The office market, once a cornerstone of the commercial real estate industry, has been navigating a turbulent sea of change in recent years. As we step towards 23Q4, the market continues to face challenges that are reshaping its landscape. Office vacancy rates are climbing, leasing activity is down, and the very nature of office space is evolving. In this blog post, we’ll delve into the current state of the office market, analyzing key trends and projections for the future.
Rising Office Vacancy Rates
One of the most prominent trends in the office market in 2023 is the steady increase in vacancy rates. Nationally, office vacancy has reached a record 13.3%, the highest it has been in recent memory. Tenants have returned over 47 million square feet of office space since the beginning of the year, resulting in the lowest total occupancy since 17Q2.

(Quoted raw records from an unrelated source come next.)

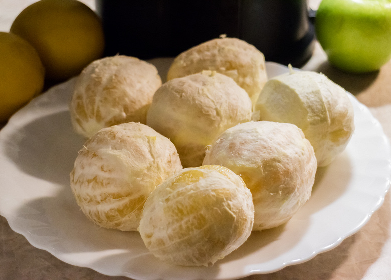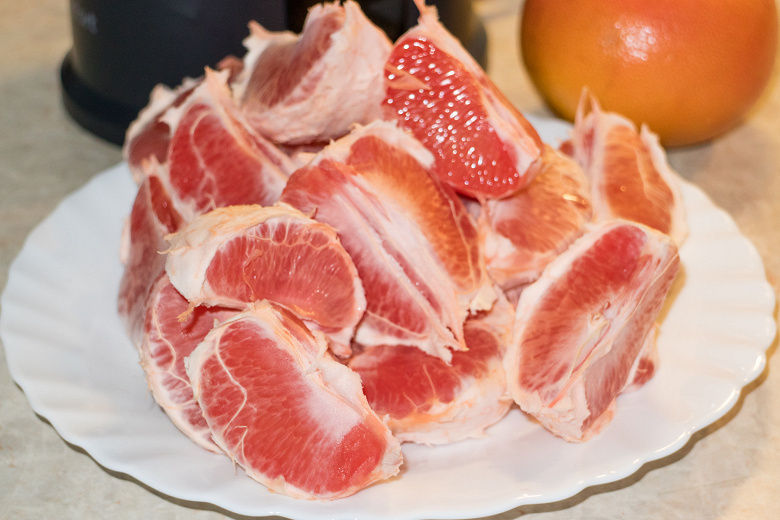 Подготовили грейпфруты привычным образом: очистили их от кожуры и разломали на дольки. Вес готового к переработке сырья составил 1 кг.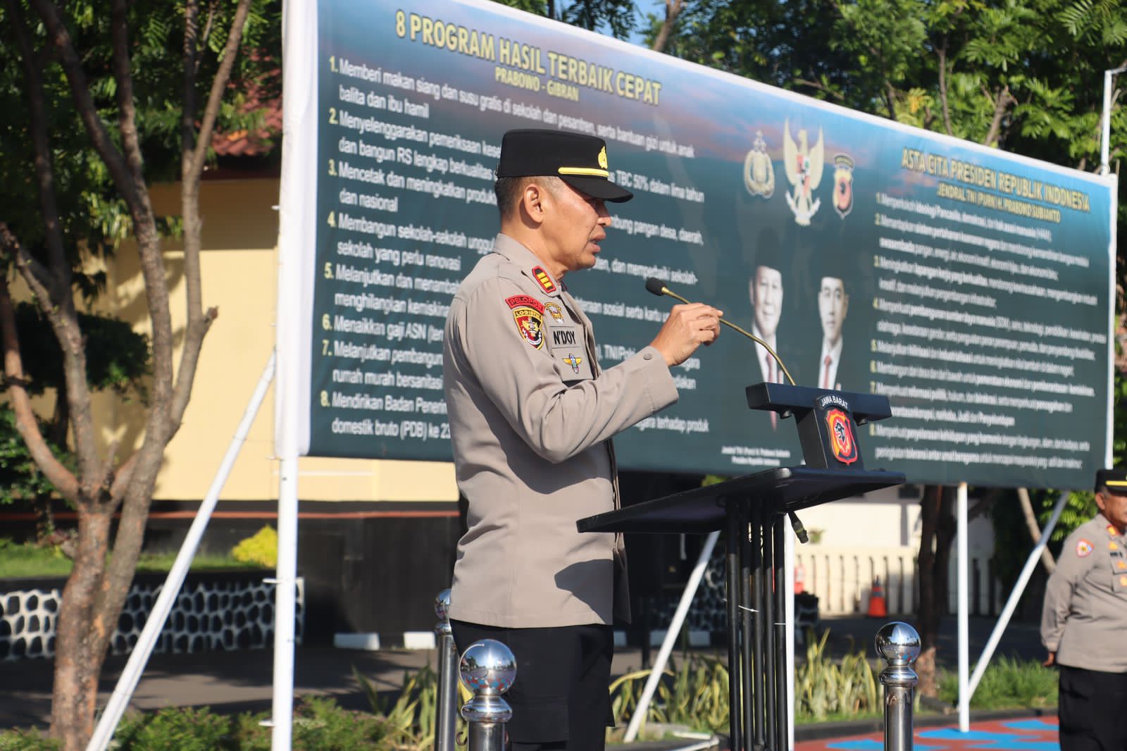 Dalam arahannya, Kabag Log menyampaikan arahan Bapak Kapolres menekankan sejumlah program prioritas kepolisian, mulai dari dukungan terhadap ketahanan pangan nasional, pembangunan dapur bergizi gratis, hingga peningkatan kualitas pelayanan publik dan profesionalisme anggota.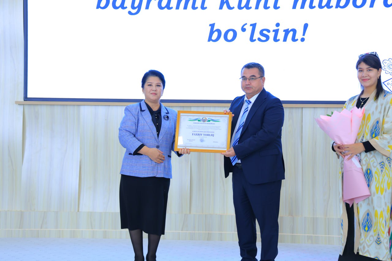 Furthermore, a group of professors and teachers were awarded honorary certificates from the Governor of Khorezm Region and commemorative gifts for their dedicated efforts in promoting the role of the Uzbek language in society, ensuring the full implementation of the state language, and contributing to the field of linguistics.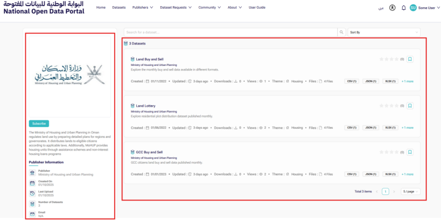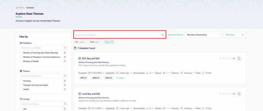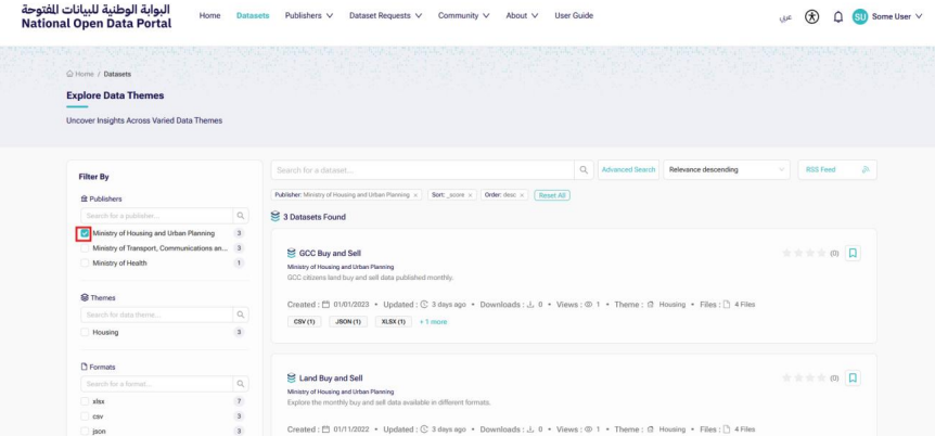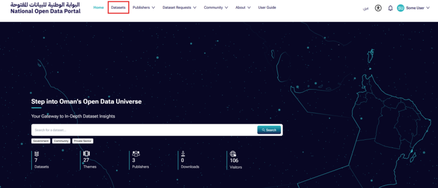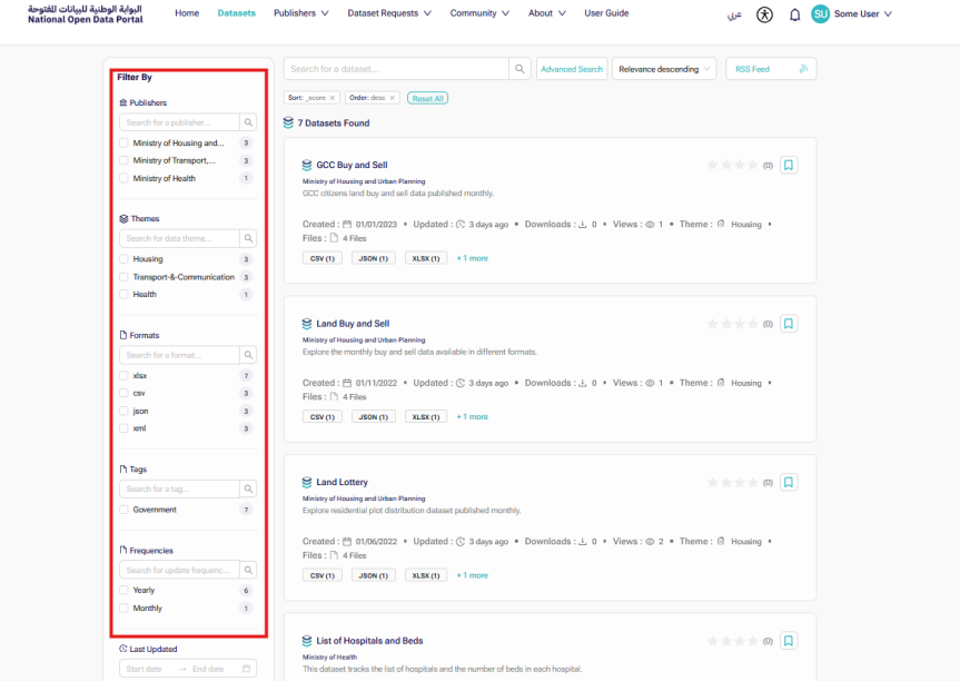 The Datasets section is the core of the portal. It allows you to search, filter, view, and download open datasets published by various government entities. Click Datasets on the top navigation bar.

Shrinking Space-Per-Worker Requirements
Despite office-using employment being nearly 12% higher, the amount of formally occupied but available-for-lease space has surged, standing more than 50 million square feet above historical norms. This shift highlights a significant change in workspace utilization, with today’s occupiers demanding approximately 440 million square feet less space than current employment levels would suggest. This trend has sent the ratio of occupied square footage per employed worker plummeting.
Declining Leasing Activity
The leasing data for 2023 reveals a concerning trend: the quarterly volume of new leasing activity is more than 15% below pre-pandemic norms. Moreover, the average size of new leases has shrunk by nearly 20%. This can be attributed to large tenants reducing their footprints upon lease renewal and smaller tenants choosing to relocate instead of renewing leases, skewing the composition of tenants in the market toward those with smaller space requirements.
Stagnation of Office Utilization
The sluggish recovery of office utilization is a central factor contributing to the market’s challenges. Various indicators, such as building occupancy, public transit ridership, and surveys, show that average office attendance has remained at 50-60% of 2019 levels for most of the past year. Even government agency offices were operating at only about 25% of capacity in 23Q1.
Economic Uncertainty
The office market’s woes are further compounded by the looming possibility of a recession in late 2023 or early 2024. While office-using employment is stable, the job market as a whole is showing signs of cooling, with job openings decreasing and the rate of voluntary quitting returning to historic norms.
Future Challenges
As we look ahead, approximately 55% of leases executed before 2020 have yet to expire, but about half of them are expected to do so by the end of 2025. This could lead to more negative absorption and higher vacancy rates in the coming months. Additionally, the delivery of an estimated 60 million square feet of new office inventory in 2023 will add to the supply side strain.
Office Pricing and Value
Uncertainty regarding future demand, coupled with higher interest rates, has put downward pressure on office pricing. On average, values have already dropped by about 10% from their peak in late 2021, with further declines expected. Forecasts anticipate a peak-to-trough value decline of 30-35% by mid-2026, signaling a challenging period ahead for the sector.
In conclusion, the office market in 2023 faces numerous challenges, from rising vacancy rates to shrinking space-per-worker requirements and declining leasing activity. The continued uncertainty surrounding office utilization and the broader economy casts a shadow over the market’s future. While there is resilience at the top end of the market, the overall outlook suggests that the office market may remain in a bearish state for the foreseeable future. It’s a transformative time for the office sector, and adaptation and innovation will be key for its survival and revival.